The three-pound organ in your skull ? with its pink consistency of Jell-o ? is an alien kind of computational material. It is composed of miniaturized, self-configuring parts, and it vastly outstrips anything we've dreamt of building. So if you ever feel lazy or dull, take heart: you're the busiest, brightest thing on the planet.

Ours is an incredible story. As far as anyone can tell, we're the only system on the planet so complex that we've thrown ourselves headlong into the game of deciphering our own programming language. Imagine that your desktop computer began to control its own peripheral devices, removed its own cover, and pointed its webcam at its own circuitry. That's us.

And what we've discovered by peering into the skull ranks among the most significant intellectual developments of our species: the recognition that the innumerable facets of our behavior, thoughts, and experience are inseparably yoked to a vast, wet, chemical-electrical network called the nervous system. The machinery is utterly alien to us, and yet, somehow, it is us.

THE TREMENDOUS MAGIC

In 1949, Arthur Alberts traveled from his home in Yonkers, New York, to villages between the Gold Coast and Timbuktu in West Africa. He brought his wife, a camera, a jeep, and ? because of his love of music ? a jeep-powered tape recorder. Wanting to open the ears of the western world, he recorded some of the most important music ever to come out of Africa. But Alberts ran into social troubles while using the tape recorder. One West African native heard his voice played back and accused Alberts of "stealing his tongue." Alberts only narrowly averted being pummeled by taking out a mirror and convincing the man that his tongue was still intact.

It's not difficult to see why the natives found the tape recorder so counterintuitive. A vocalization seems ephemeral and ineffable: it is like opening a bag of feathers which scatter on the breeze and can never be retrieved. Voices are weightless and odorless, something you cannot hold in your hand.

So it comes as a surprise that a voice is physical.

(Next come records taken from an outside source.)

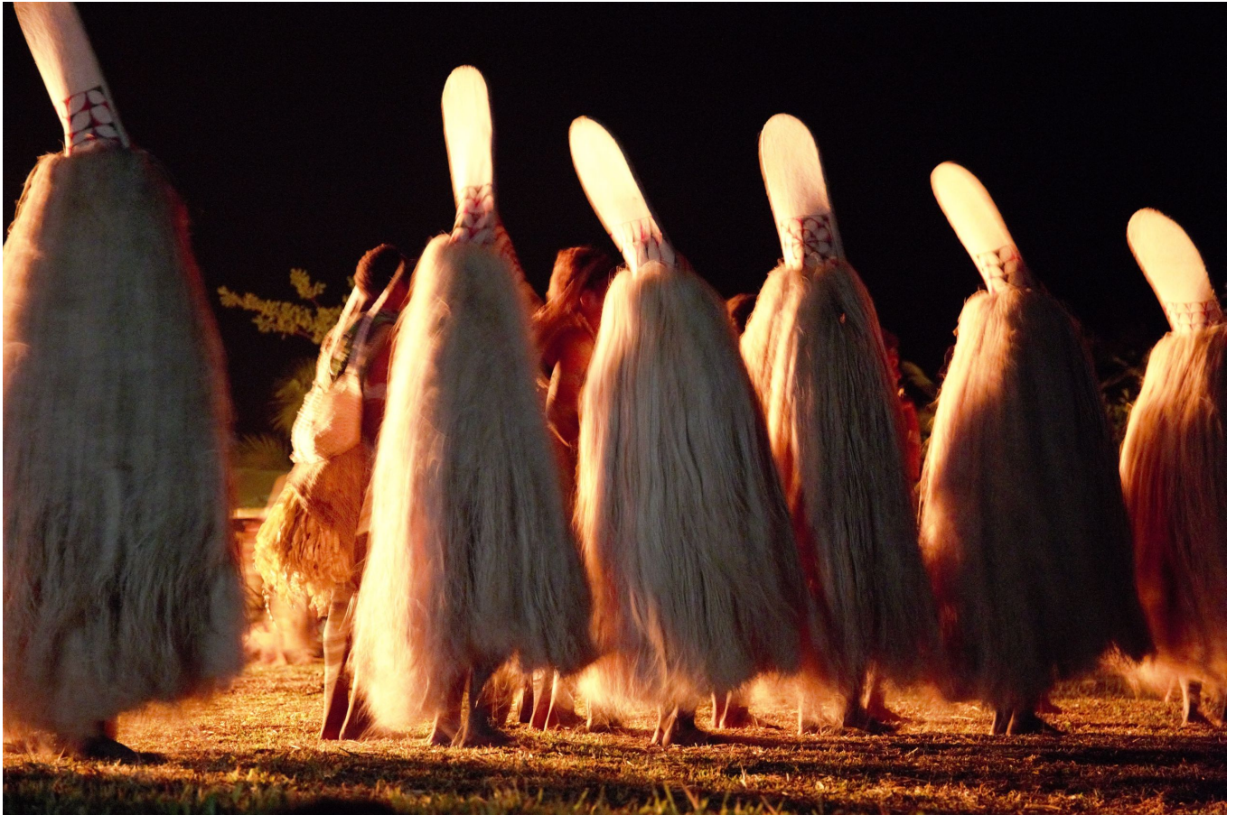
Uramat Sivirihki dance / Photograph: Gideon Kakabin / Image courtesy: Judy Kakabin

You can't know the content of artistic production just by mere display, there is a greater commitment one has to have, art historically and otherwise to be able to pull it off.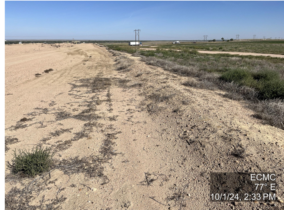
Photo 2. The photo was taken at the well location facing East. The photo illustrates the russian thistle in interim areas not being managed with both old growth and new growth.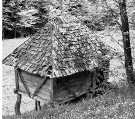
Fig. 9. A watermill on the stream (Makovište village)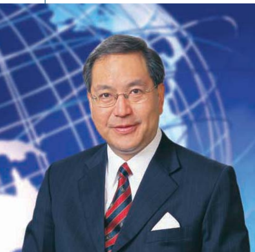
Professor Arthur Li Kwok Cheung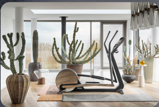
Cross personal - Design Cross Trainer Designed by Antonio Citterio for Technogym Value $16,950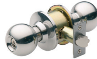
Gainsborough Governor Entrance Set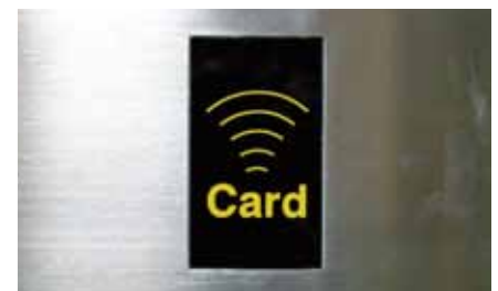
Optional with Season Payment

If you build a little machine sensitive enough to detect tiny compressions of the molecules in the air, you can capture these density changes and reproduce them later. We call these machines microphones, and every one of the billions of radios on the planet is proudly serving up bags of feathers once thought irretrievable. When Alberts played the music back from the tape recorder, one West African tribesman depicted the feat as "tremendous magic."

And so it goes with thoughts. What exactly is a thought? It doesn't seem to weigh anything. It feels ephemeral and ineffable. You wouldn't think that a thought has a shape or smell or any sort of physical instantiation. Thoughts seem to be a kind of tremendous magic.

But just like voices, thoughts are underpinned by physical stuff. We know this because alterations to the brain change the kinds of thoughts we can think. In a state of deep sleep, there are no thoughts. When the brain transitions into dream sleep, there are unbidden, bizarre thoughts. During the day we enjoy our normal, well-accepted thoughts, which people enthusiastically modulate by spiking the chemical cocktails of the brain with alcohol, narcotics, cigarettes, coffee, or physical exercise. The state of the physical material determines the state of the thoughts.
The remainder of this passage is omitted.